Karl Marx focused on these means of production to distinguish them from contributions by labor. Elon Musk sees them as levers for exponential innovation and automation. Two components of these means - resources and capabilities - deserve further detailing. For orientation for my intended use of the term power, see here.
Resources as power
Production for a system of interest consumes resources provided by upstream providers (who produce them) and produces resources for downstream consumers (who consume them). Energy is one of the most critical resources - the capacity to do work - since it fuels all actions, from powering a data center, lifting an object, or running a machine.
Energy comes in various forms - kinetic, potential, thermal, electrical, etc.

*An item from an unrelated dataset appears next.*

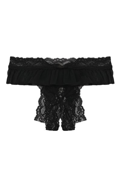 Мастера марки выполнили черные трусы из тонкого ажурного кружева с растительным мотивом. Концы фестончатого пояса модели, украшенного воланом из полупрозрачного тюля, сзади можно завязать в объемный бант. Изделие с плоскими швами приятно ощущается на коже, не вызывая раздражения.

Power is the rate at which these forces can be applied in accomplishing work or transferring resources. Think of it as the speed of doing work. It can tell us how effectively resources are being used to accomplish useful work. Energy is a stock, while power is a flow. If unfamiliar with this terminology, see this post.

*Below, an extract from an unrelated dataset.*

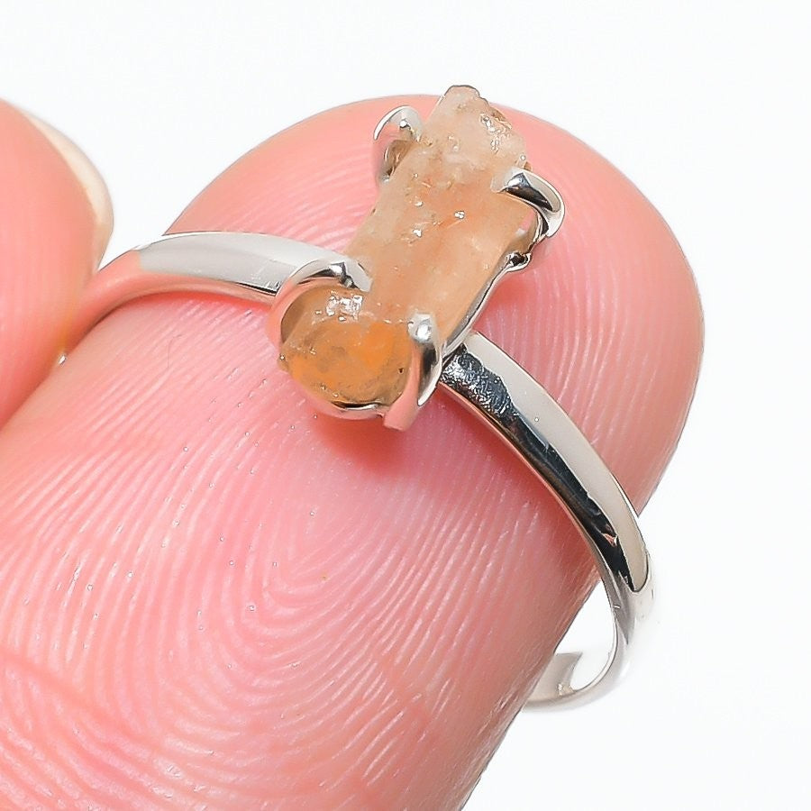 Throat Chakra Natural Orange Kyanite 925 Silver Cluster Wife Wedding Ring Size 8

The three primary resources, as shown in Figure 2, are time, talent, and treasure (capital), as those allow effort to be applied, capabilities to be matured, and objects to be transformed. While the selection of the other resources - forces, information, and raw materials - are important for efficiency, the primary forces enable better objects to be used in assembly, greater competency to be incorporated into capabilities, and better domain knowledge to be leveraged in performing the work.
Capabilities as power
Capabilities (Figure 3) provide the ability to execute specified courses of action, and guide and constrain agents in performing these activities.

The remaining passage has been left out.